Pipelines can be run from the command line using the `dataset-foundry` command.

```bash
dataset-foundry <pipeline_module> <dataset_name>
```

For example, to run the `generate_spec` pipeline to create specs for a dataset saved to
`datasets/dataset1`, you would use:

```bash
dataset-foundry examples/refactorable_code/generate_spec/pipeline.py dataset1
```

Use `dataset-foundry --help` to see available arguments.

### Running Examples

To generate a set of specs for a dataset named `o3v5`, you would use:

```bash
dataset-foundry examples/refactorable_code/generate_spec/pipeline.py samples --num-samples=2
```

To generate a set of functions and unit testsfrom the specs, you would use:

```bash
dataset-foundry examples/refactorable_code/generate_all_from_spec/pipeline.py samples
```

To run the unit tests for the generated functions, you would use:

```bash
dataset-foundry examples/refactorable_code/regenerate_unit_tests/pipeline.py samples
```

If some of the unit tests fail, you can regenerate them by running:

```bash
dataset-foundry examples/refactorable_code/regenerate_unit_tests/pipeline.py samples
```

## Variable Substitutions

Variable substitutions allows you to use variables in your prompts and in certain parameters passed
into pipeline actions.

Prompt templates and certain parameters are parsed as f-strings, with the following enhancements:

- Dotted references are supported and resolve both dictionary keys or object attributes.

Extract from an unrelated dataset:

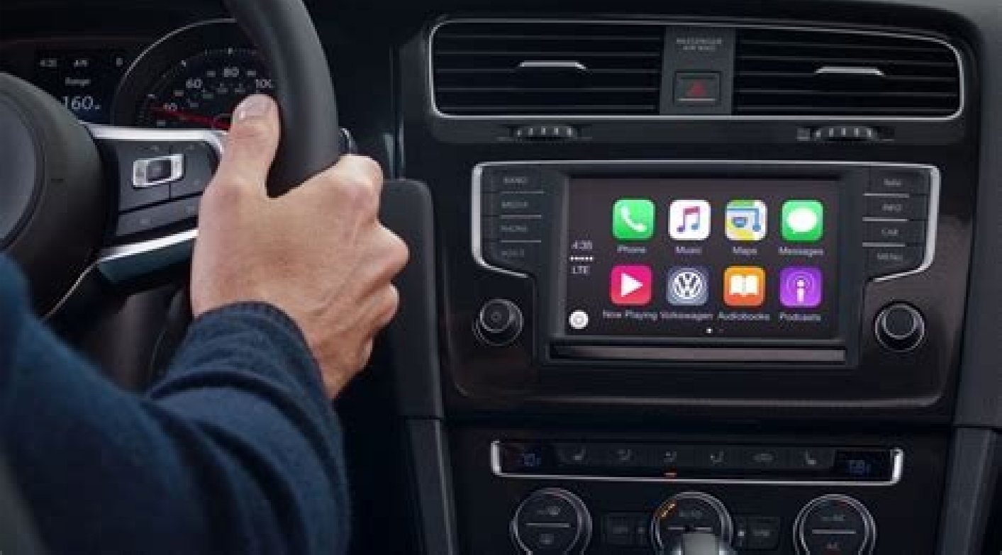
Offline music player for iphone. Best offline music players for iphone. Download and play music offline iphone. Best offline music player app for iphone. Best offline music player for iphone 2021. Play youtube music offline iphone. Iphone offline music player reddit. Offline music player download iphone.

For
  instance, `{spec.name}` will return the value of `spec['name']` if `spec` is a dictionary, or
  the value of `spec.name` if `spec` is an object.
- Formatters can be specified after a colon. For example, `{spec:yaml}` will return the `spec`
  object formatted as a YAML string. Supported formatters include: `yaml`, `json`, `upper`, `lower`.

For instance, if an item is being processed with an id of `123` and a `spec` dictionary with a
`name` key of `my_function`, the following will save the `code` property of the item as a file named
`item_123_my_function.py`:

```python
   ...
   save_item(contents=Key("code"), filename="item_{id}_{spec.name}.py"),
   ...
```

## License

This project is licensed under the MIT License - see the [LICENSE](LICENSE) file for details.